О том, что творилось за закрытыми дверями, можно было только догадываться. Стоны, оханья и возня доносились оттуда. 
     Первые лучи солнца медленно проникали в комнату сквозь тканевую тюль.  Андрей Ильич чуть приоткрыл глаза и потянулся. «Что за наваждение, где я нахожусь? Ух, ты Боже мой, ну, конечно… я ж в чужом доме. Досадно, но хорошо, что это всё ненадолго», думал про себя Андрей. Спустившись на первый этаж, Андрей присел за столик, к которому сразу же подбежал половой.
- Что господин желает? – протягивая карту, спросил человек.
- Давай – ка милейший, принеси мне чашечку кофе и ещё что – нибудь. Ну, что там у тебя имеется, – махнув рукой сказал Андрей Ильич.
Через пару минут на столе уже стояли пирожки, шанежки, блины, лепёшки со всякими припёками: с лучком и яичком, с творогом, с картошкой и рыбой. Горячий кофе с лимоной и виктория в сметане. Не успев оттрапезничать, как со стороны улицы послышался шум колёс, затем послышался голос, который в приказном порядке, что – то вещал лакею при этом оскорбляя его. Барин повернул голову в сторону окна и увидел, как молодой отрок спешился с коня и направился к двери. Молодой отрок в бархатном чёрном камзоле, расшитом серебром, рьяно ворвался в трактир с требованием налить самого дорогого вина. В это же время, из покоев второго этажа спустился Раструбин Яков Филимонович. Он был весьма потрёпанным и постоянно зевал, прикрывая рот шёлковым платочком. Ночь видимо прошла на славу. Он был жутко голодным. Присев за столик к Искомину, он начал жадно поглощать всё, что только можно.   
- Кто это за франт*? – жуя, возмутился Раструбин, – такого нахальника я ещё не встречал. Распоясались… ох не гоже это, ох не гоже. Извольте-с вести себя сударь! Не мне Вас учить манерам…   
- Ох, прошу покорнейше простить, забыл представиться, – почти с издёвкой проговорил молодой отрок, – Алексей Максимович Говоров. Потомственный князь…
- Барин, прошу Вас, вот бокал отменного вина – проговорил половой.
- Ах ты пёс шелудивый! Да как ты посмел влезть в беседу знати сей! – схватив за грудки полового, заорал отрок, – знай своё место, холоп!
- Ну, будя ужо, будя. Дворянин должен быть человеком чести и не пачкать мундира своего. Должен быть богат душой, любить государство и народ свой, быть готовым служить ему, – держа в руке чашечку кофе, тихо проговорил Искомин, – так как Вы сказали Вас величать?

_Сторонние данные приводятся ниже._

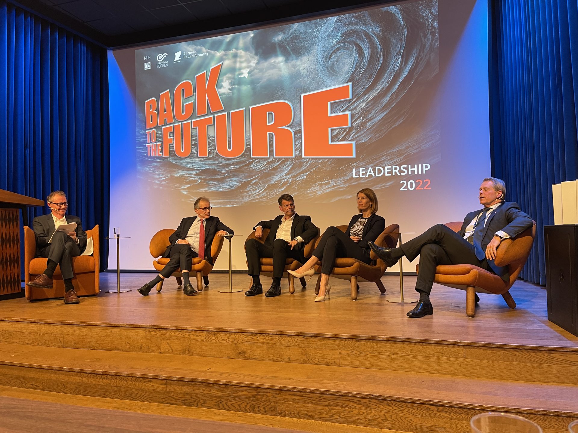 Konferansier, Julian Bray (t.v.) i panelsamtale med Paul Christian Rieber, Harald Fotland, Ragnhild Fresvik og Mons Aase under dagens konferanse. Foto: Krysta Alexa Singh / Maritime Bergen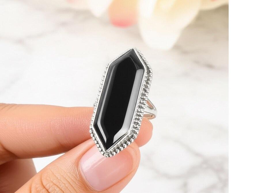 Black Onyx Ring 925 Sterling Silver Large Gemstone Statement Ring Boho Healing Jewelry for Women Gift for Her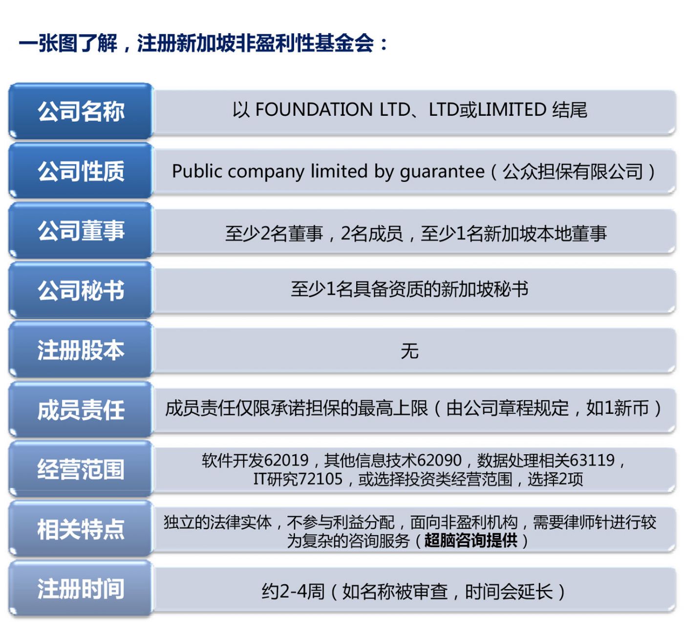 注册新加坡公众担保有限公司(CLG)成立非盈利性基金会,是您开展区块链等相关项目的首选。超脑咨询为您总结相关要点如下: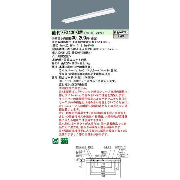 パナソニック iDシリーズ 天井直付型 40形 一体型LEDベースライト 反射笠付 XFX430KDWLE9 白色(4000K)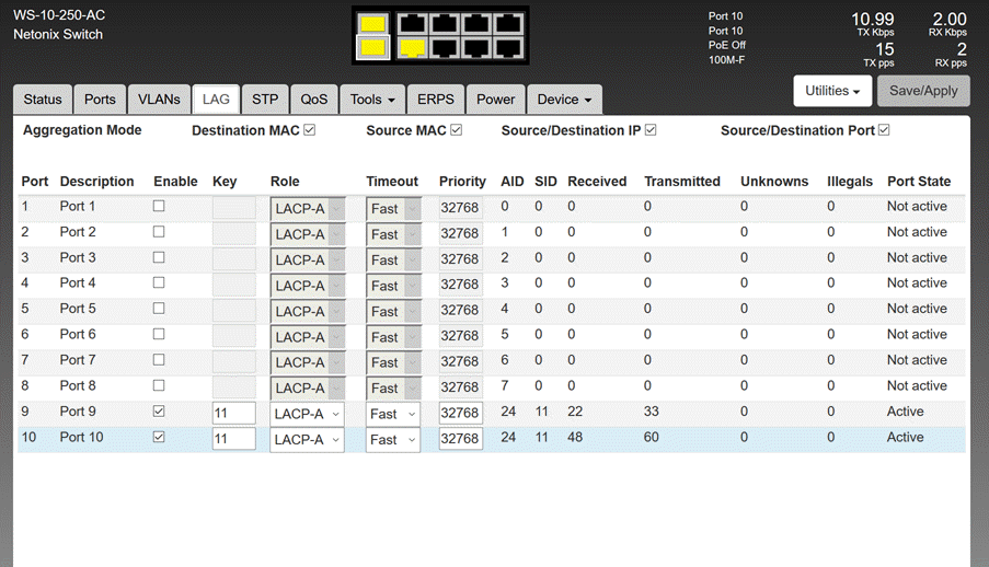 Here's a screenshot of the LAG configuration page: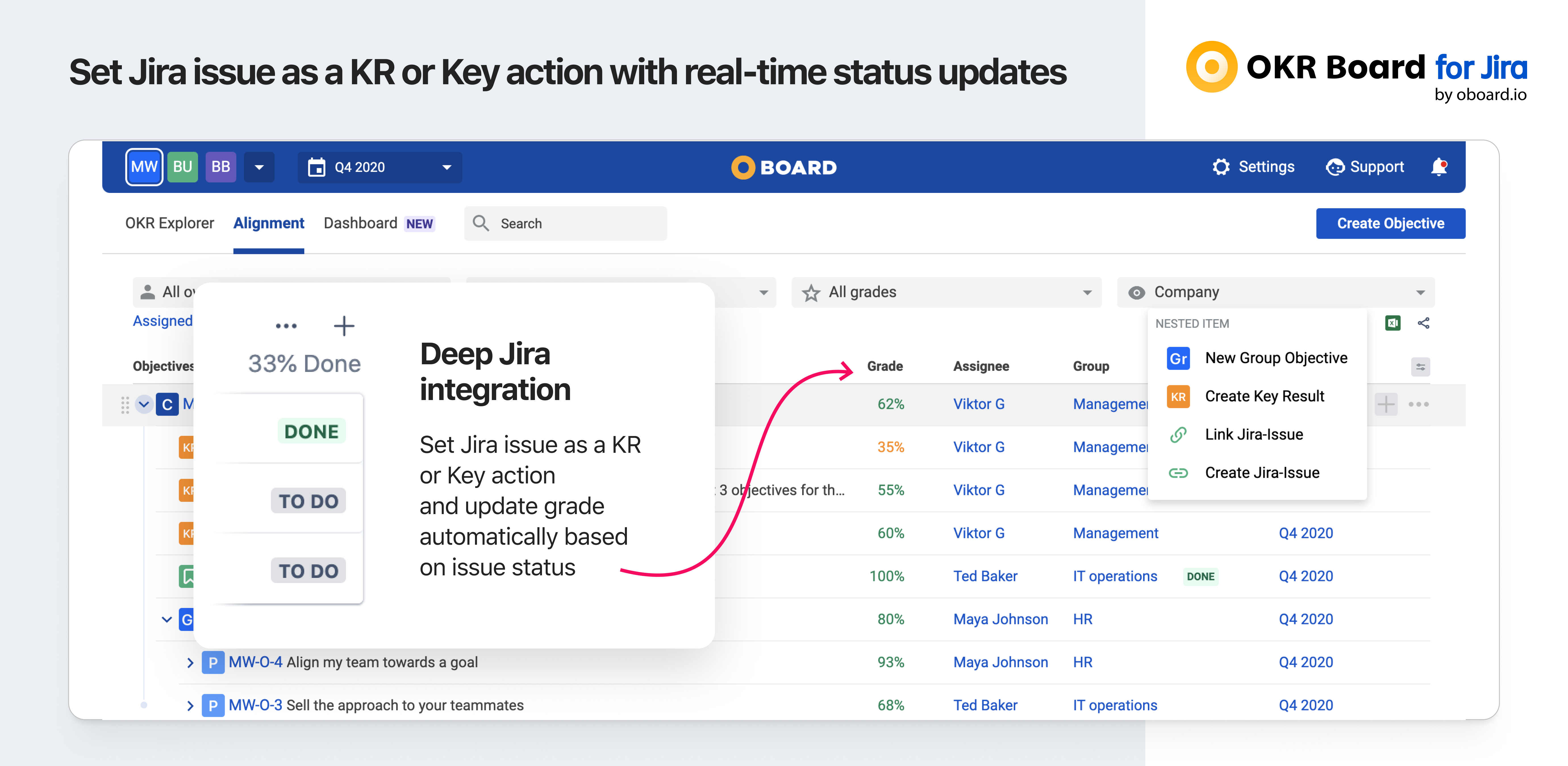 OKR for Jira Create OKRs, achieve focus and alignment towards your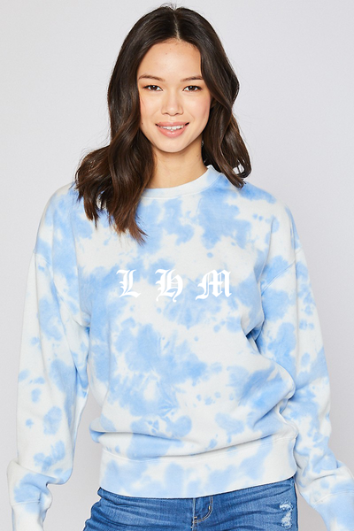 On cloud nine with this new hue! Dreamy blues hand dyed crewneck features a baby blue and white tie dye with option for initials across chest.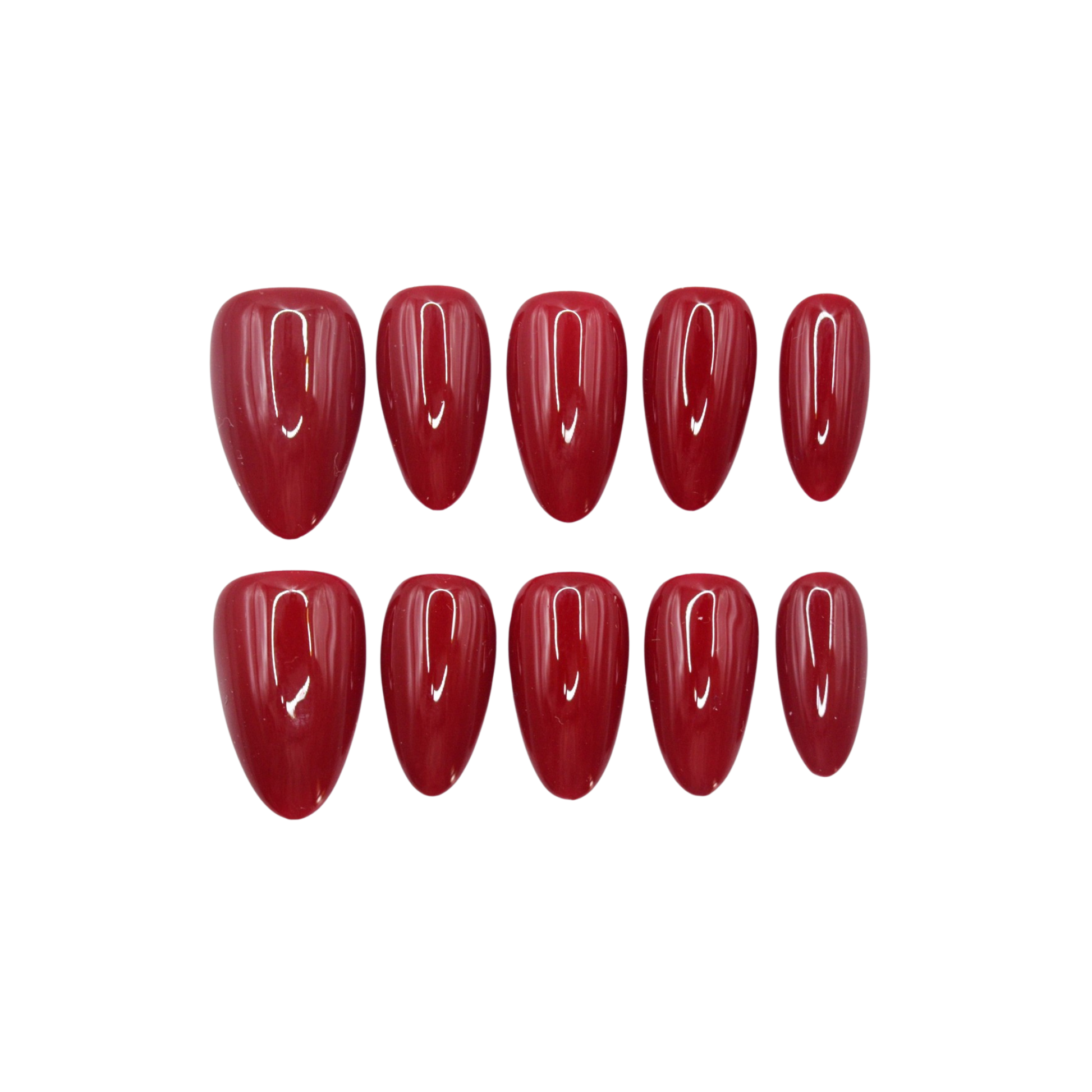 This premium set features, an almond-shaped design featuring a glossy red finish. The nails are arranged in two rows, with varying sizes to fit different fingers. They have a smooth, almond-shaped design, which is a popular style for nail enhancements.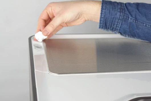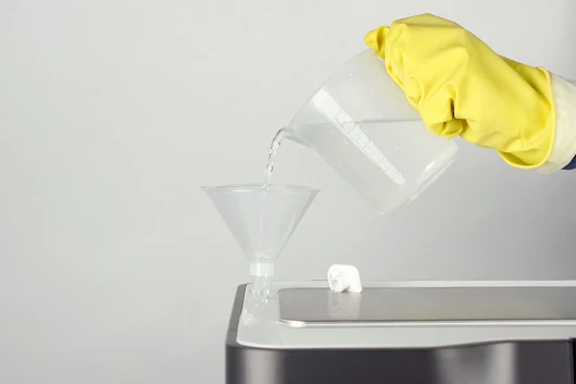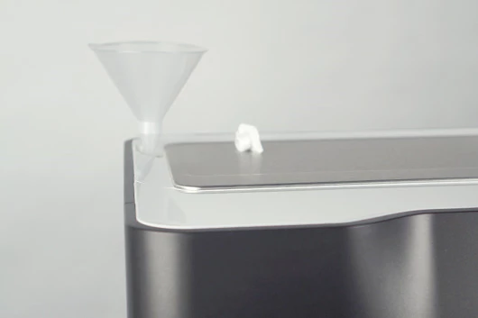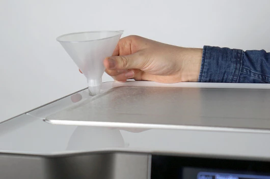 Tragten, som du modtog med din Promesso, kan placeres i afkalkningsåbningen.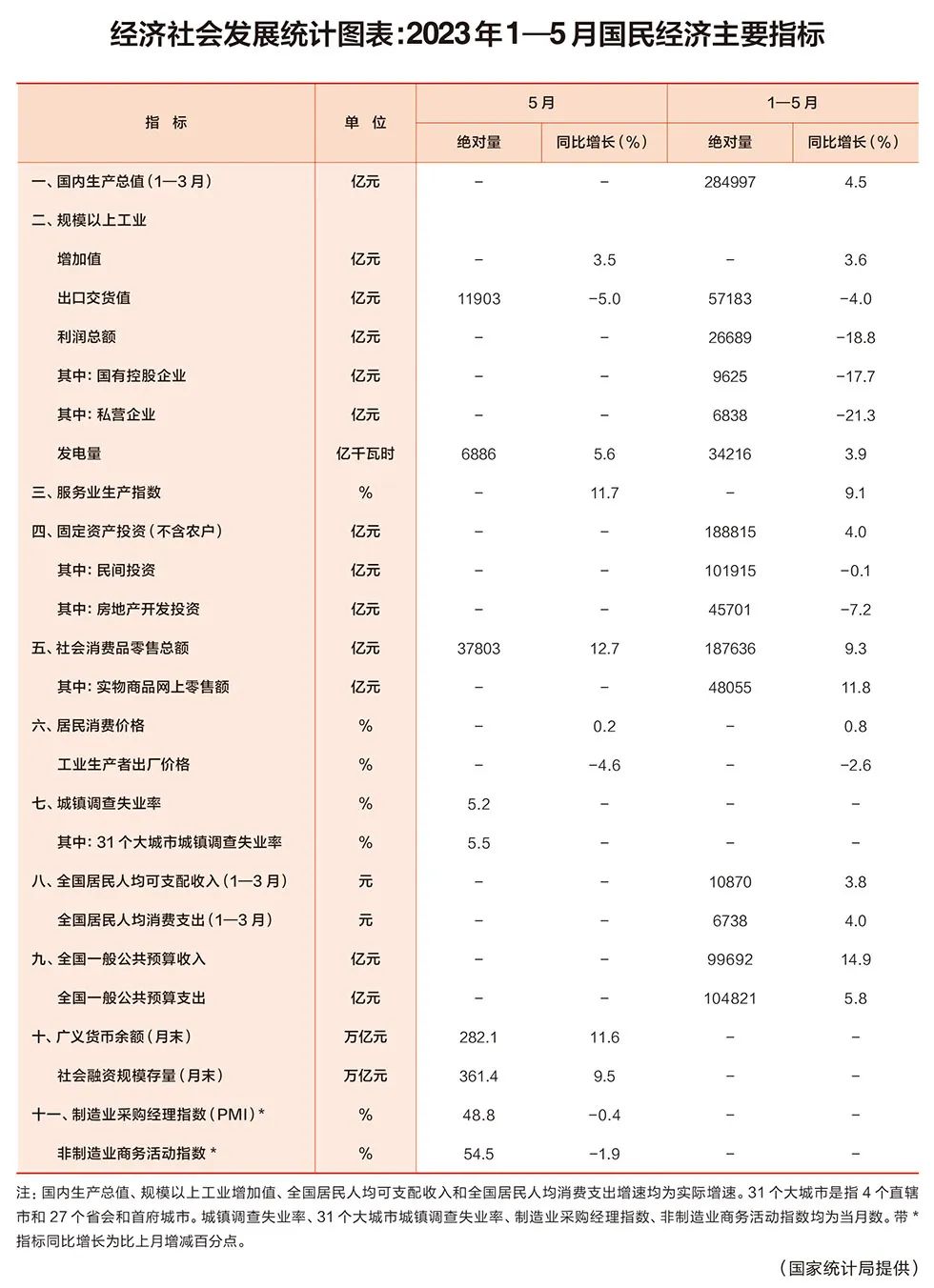經(jīng)濟社會發(fā)展統(tǒng)計圖表:2023年1—5月國民經(jīng)濟主要指標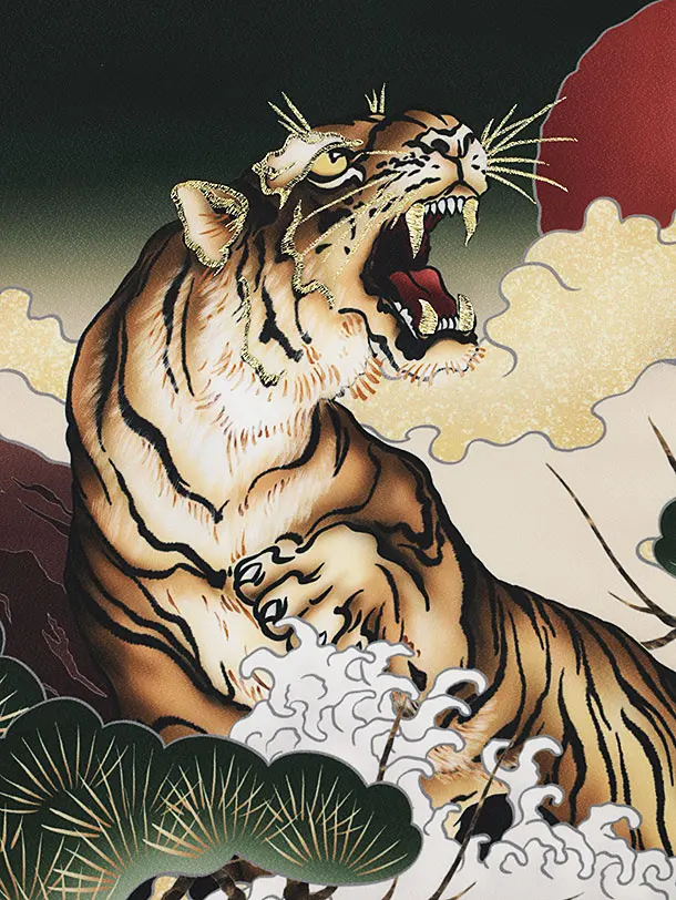 男児産着 お宮参りレンタル2350 濃緑 虎に波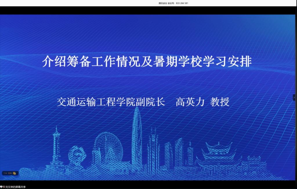 交通运输工程学院副院长高英力教授介绍了筹备工作情况及暑期学校的学习安排,本次暑期学校获得了省内外本专业研究生们的广泛关注和热情参与,共录取了160余名研究生参加学习,并且聘请了国内外交通运输工程学科领域内学术水平高、教学经验丰富的知名专家、学者担任主讲教师,将组织10场高水平学术报告与交流。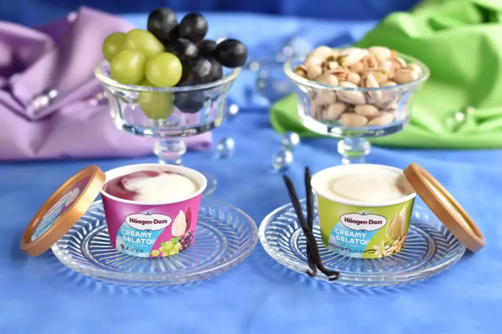 商品名: ハーゲンダッツ ミニカップ CREAMY GELATO「贅沢ぶどう」、「ピスタチオ&サマーバニラ」(期間限定)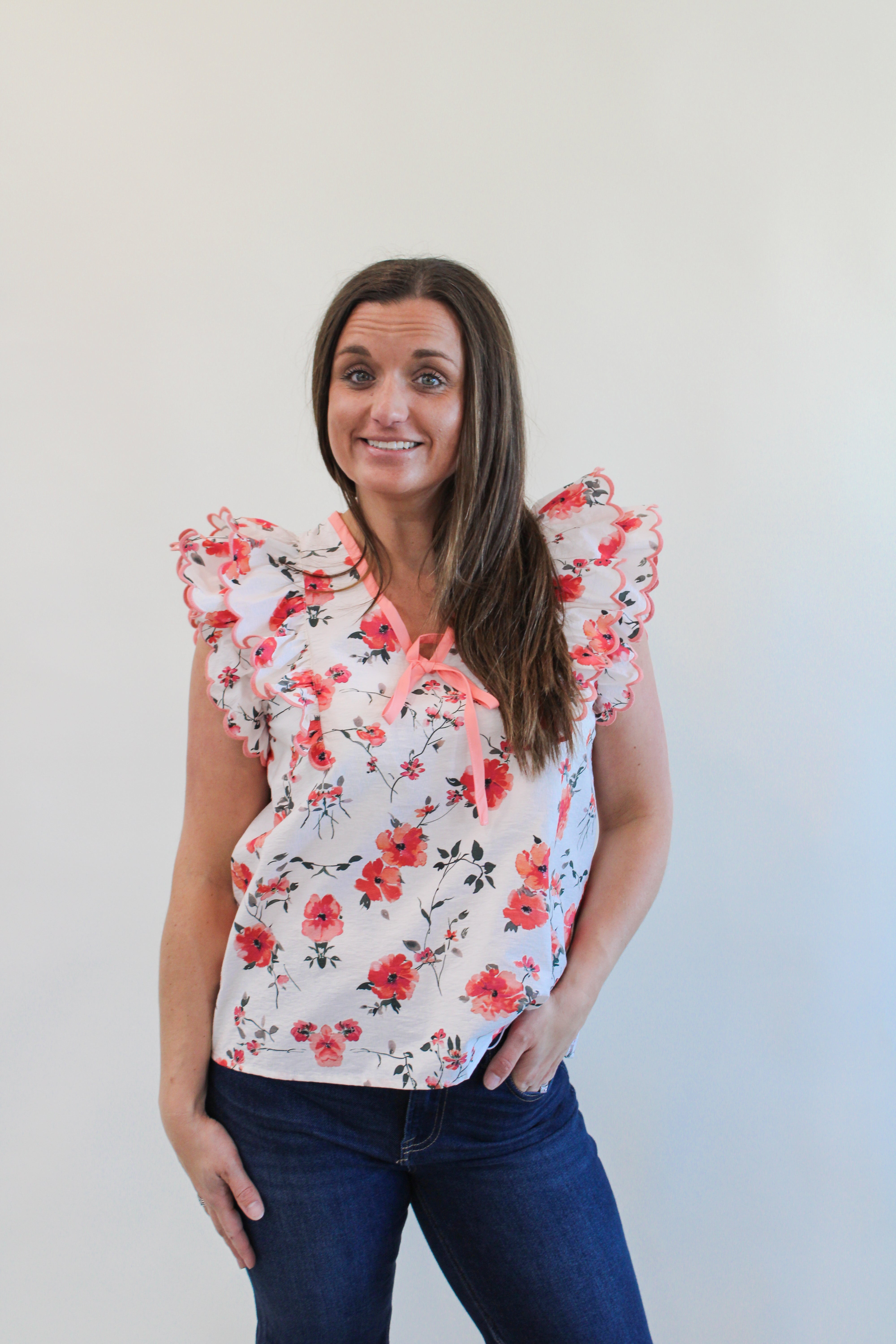 Be the talk of any event in the LESLEY FLORAL BLOUSE. With its playful floral print, coral bow detail, and ruffle sleeves, it's the perfect top to elevate any outfit. Dress up and stand out with this quirky and fun V-neck blouse!

- Я смотрю, Вы любезный глуховат? Коли не расслышали, – продолжил отрок, не опуская из своих рук полового. – В холодную его за дерзость этакую! Позвольте представиться ещё раз – Алексей Максимович Говоров. 
- Не обессудьте, но это не Вашего чина забота, судить и рядить о половом.  Не уж то Вы милейший, являетесь отроком самого Максима Игнатьевича?
- Да-с!
- Но позвольте! – Андрей хотел было, что – то возразить или сказать, но сдержался, поскольку в голове уже назревала мысль о том молодом человеке, которого доставили мужики на лесопилку из леса. Ведь его дражайшая Софья, так просила, так была уверена, в том, что этот молодой отрок и есть
молодой князь. И потом, она же нашла в лесу карнавальную маску, которую на званом ужине носил молодой князь.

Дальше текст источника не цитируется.